One New Orleans industry survived Katrina: its booming film business. Now the lawsuits are flying, and the old rot is setting in fast. Another sad tale from the city that just can’t stop itself.


Coco Robicheaux was working his bluesy mojo down by the Mississippi Riverwalk. Iced tea in one hand, digital recorder in the other, I had come home to New Orleans on this fine spring day to report on a piece of good news: Louisiana had just become the No. 3 film-producing state in the nation, behind only California and New York. Direct spending on film, TV, and music-video production rose from $12 million in 2002 to more than $1 billion projected for 2007, and the state has played host to Oscar bait such as Ray and All the King’s Men, as well as big-budget action flicks such as Déjà Vu and The Guardian. Even Katrina didn’t halt a single production. Brad Pitt and Angelina Jolie bought a French Quarter mansion and enrolled their son in a local school while Pitt was making The Curious Tale of Benjamin Button, the biggest-budget feature ever filmed in the state. It had just wrapped in April and was set for a 2008 release.


The film biz was emerging as a bright spot in the region’s patchy recovery. Kids I’d grown up with were returning home to take high-wage union jobs as electricians and costumers–the kind of story all too rare in NOLA. And LIFT Productions was at the center of it all: the largest production company around, with TV and independent films totaling $250 million in production budgets over just five years. LIFT was behind the recent Mr. Brooks and Bug, both with big Hollywood names attached. But even more impressive, from the perspective of the local economy, was LIFT’s Film Factory–a planned 300,000 square-foot production facility. The groundbreaking had taken place the previous October, and the place was eventually to combine soundstages, postproduction, distribution, audio recording, and even a vocational film school. It would turn LIFT into a real studio–locally owned and operated–and cement the arrival of Hollywood South.

When I met LIFT’s CEO, Malcolm Petal, that spring day, he was reveling in his role as mogul-in-the-making.
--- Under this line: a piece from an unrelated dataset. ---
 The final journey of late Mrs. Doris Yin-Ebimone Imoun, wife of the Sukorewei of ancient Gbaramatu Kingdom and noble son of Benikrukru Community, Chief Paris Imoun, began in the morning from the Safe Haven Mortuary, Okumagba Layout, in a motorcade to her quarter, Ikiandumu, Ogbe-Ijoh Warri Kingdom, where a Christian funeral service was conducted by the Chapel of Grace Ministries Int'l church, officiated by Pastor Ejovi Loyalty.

His 31st-floor office on Canal Place commanded views of the French Quarter and the Mississippi Riverwalk. Short, muscular, and goateed, Petal was recumbent on the sofa in his reception area, summoning a masseuse. “We’re trying to be a major international hub for film and television,” he told me, “and we’re off to a grand start.”
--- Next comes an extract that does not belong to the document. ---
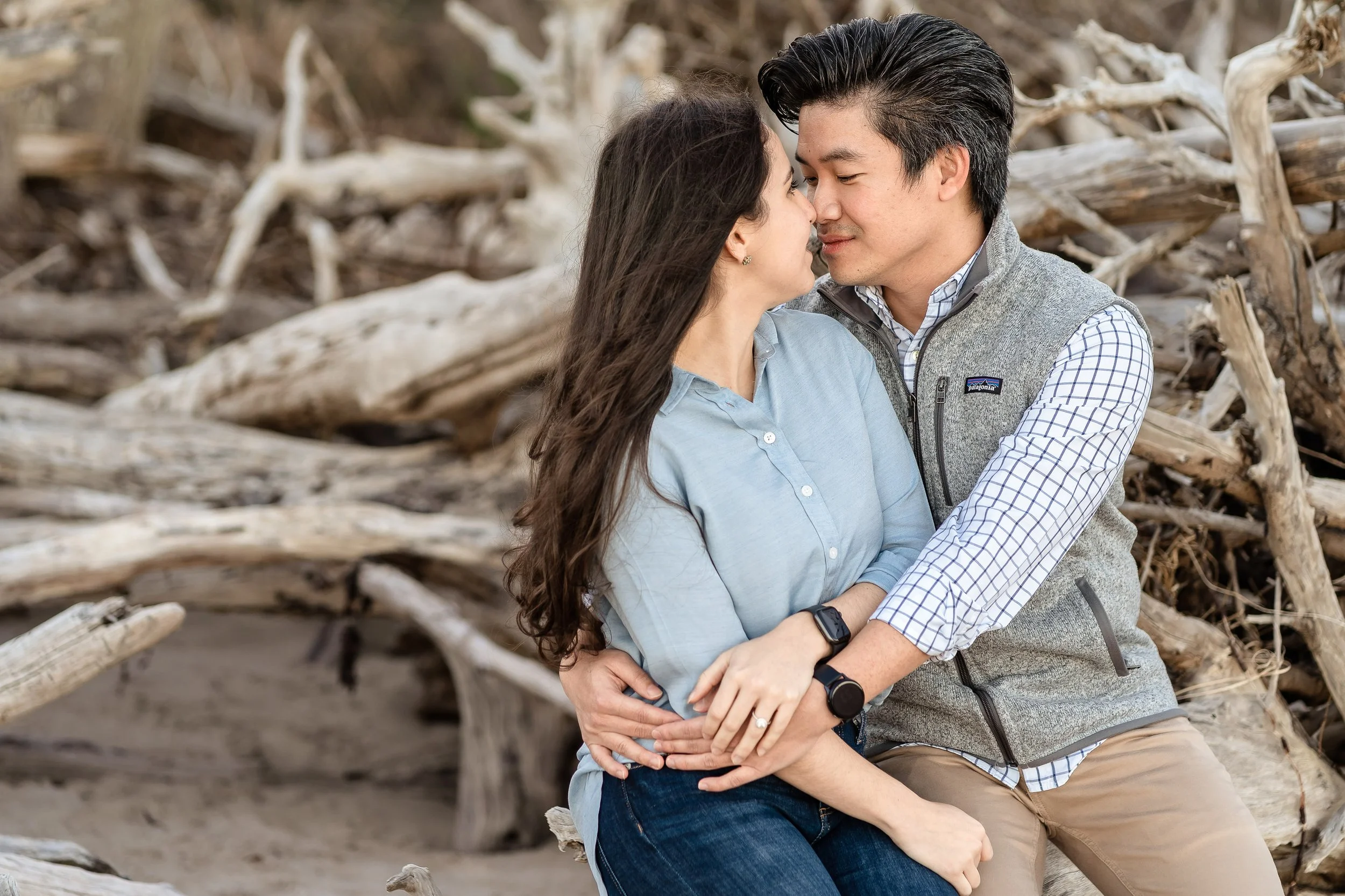 A couple sitting close together outdoors, embracing and about to kiss, with driftwood in the background.

Petal is a non-native New Orleanian, a Cornell grad and an attorney who’d been instrumental in jump-starting the local film biz by helping craft the new set of tax incentives designed to encourage investment. Petal himself had been swift to take advantage of those new credits, putting together $100 million worth of production deals with the newly formed LIFT and his college pal, Adam Rosenfelt, who ran another production company in California. When I met him, Petal was witty, sharp, and eager to expand on his complicated deals and leveraged investments. But the next day, a rainy Saturday, on the set of one of Petal’s movies, I heard a different story. A crew member taking a smoke break pulled me aside, muttering, “Petal’s being investigated by the FBI.”

I didn’t want the gossip to be true, turning my sunny New South business piece into another Louisiana cliché. But as I talked to more locals, the rumors thickened and darkened like a well-stirred roux. Larry Thomas of Film Services of Louisiana, in Clinton, came to the industry in the early 1980s as a dialect coach. (“For some reason, they thought ah could help them with their Suth’n dialects,” he drawled slyly.) In March, Thomas told me, the FBI showed up asking about the state film office’s financial relationships with the film industry. “I almost didn’t answer the door–I thought they were Jehovah’s Witnesses,” he recalled. “I informed them of some roadblocks I had gone through with the state film office and sent them off with a pile of paperwork. The biggest thing I see is they [at the film office] have their pet people they seem to take care of more than they do others…. LIFT’s been treated differently. I don’t know why.”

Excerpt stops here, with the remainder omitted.